A sample script for updating client sources to the 3.0.0 API's version of dr_mcontext_t and related functions is as follows:

perl -pi -e '\
s|dr_mcontext_t (\w+);|dr_mcontext_t \1 = {sizeof(\1),DR_MC_ALL,};|;\
s|(dr_[gs]et_mcontext\(\S+,\s+\S+),\s+[^\s\)]+\)|\1)|;\
s|(dr_redirect_execution\(\S+),\s+\S+\)|\1)|;\
s|^\s+int app_errno;\s*\n||ms;\
s|raw_mcontext\.|raw_mcontext->|g;\
s|info->mcontext\.|info->mcontext->|g;\
s|excpt->mcontext\.|excpt->mcontext->|g;' *.c

The script makes 3 main changes. First, any dr_mcontext_t allocated by the client must have its size and flags fields set. Second, the app_errno parameter was removed from several functions; it required a local variable, so any local named app_errno is removed. Third, the dr_mcontext_t fields in the fault, signal, and exception structs all became pointers.

This script may not catch all cases. Use your version control system to look at the diff after applying it to ensure it did not change anything it shouldn't have. Run with debug build to catch other instances where dr_mcontext_t.size is not set. Also note that using the dr_mcontext_t initialization syntax in the script will end up calling memset; for performance-critical situations, instead initialize only the size and flags fields separately. Also note that if the xmm or ymm registers are not needed, asking for DR_MC_CONTROL and/or DR_MC_INTEGER is more performant than DR_MC_ALL.

IMPORTANT: Further changes between version 3.0.0 and 2.2.0 include the following that affect source and/or binary compatibilty:

  • Changed the dr_mcontext_t structure field layout.

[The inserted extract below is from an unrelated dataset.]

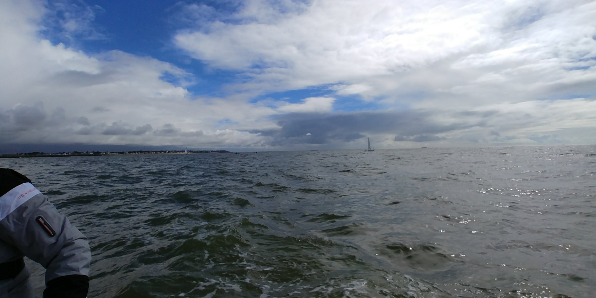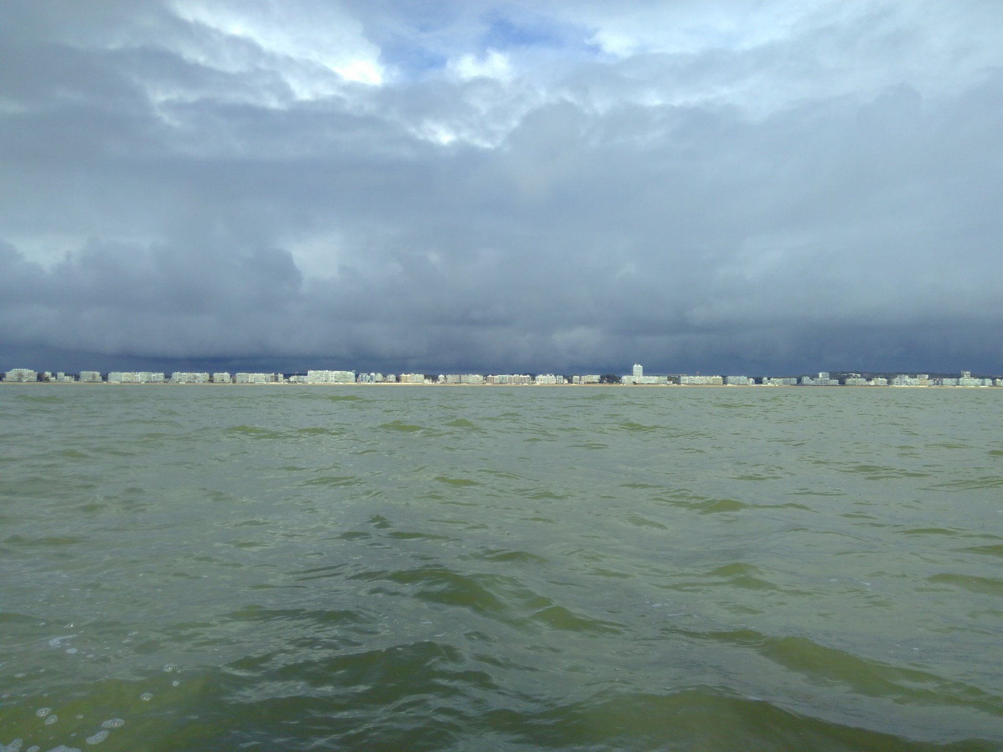 On part avec un vent qui est bien établi et une houle pas très commode. Trois voiliers tournent autour d’une bouée, on les laisse et on pointe l’étrave sur la sortie de la baie de la Baule. Tout le long de la sortie, une barre noire s’installe sur toute la longueur la côte, il doit faire sacrément moche à terre.

This is a binary compatibility change with respect to versions prior to 3.0.0.
  • Added a dr_mcontext_t.size field which must be set by the client prior to calling dr_get_mcontext(), dr_set_mcontext(), or dr_redirect_execution. This is a source compatibility change with respect to versions prior to 3.0.0.
  • Added a dr_mcontext_t.flags field which must be set by the client prior to calling dr_get_mcontext(), dr_set_mcontext(), or dr_redirect_execution. This is a source compatibility change with respect to versions prior to 3.0.0.
  • Removed the app_errno parameter from dr_get_mcontext(), dr_set_mcontext(), and dr_redirect_execution(). This is a source compatibility change with respect to versions prior to 3.0.0.
  • Changed all dr_mcontext_t fields in the dr_restore_state_info_t, dr_exception_t, and dr_siginfo_t structs to be pointers. This is a source compatibility change with respect to versions prior to 3.0.0.
  • Changed the bool typedef from int to char for C++ compatibility. This is a binary compatibility change with respect to versions prior to 3.0.0.
  • Changed the signature of drwrap_unwrap(), in order to allow one of the pre or post hooks to be optional (Issue 562). This is a source compatibility change with respect to versions prior to 3.0.0.
  • Moved console printing support from the drsyms Extension to core DR. The drsym_write_to_console() and drsym_using_console() are no longer supported. Instead, call dr_enable_console_printing() in dr_init(), which then enables dr_printf() and dr_fprintf() to print to the console (with some limitations: see dr_enable_console_printing() documentation). This is a source compatibility change with respect to versions prior to 3.0.0.
  • Added a flags argument to most of the routines in the drsyms extension to control demangling, and added drsym_demangle_symbol(). This is a source compatibility change with respect to versions prior to 3.0.0.
  • Added drsym_get_module_debug_kind() and a debug_kind field to the drsym_info_t struct written by drsym_lookup_address(). These additions allow drsyms users to determine what kind of debug info is available for a module. The debug_kind field creates a binary compatibility change for users of drsym_info_t with respect to versions prior to 3.0.0.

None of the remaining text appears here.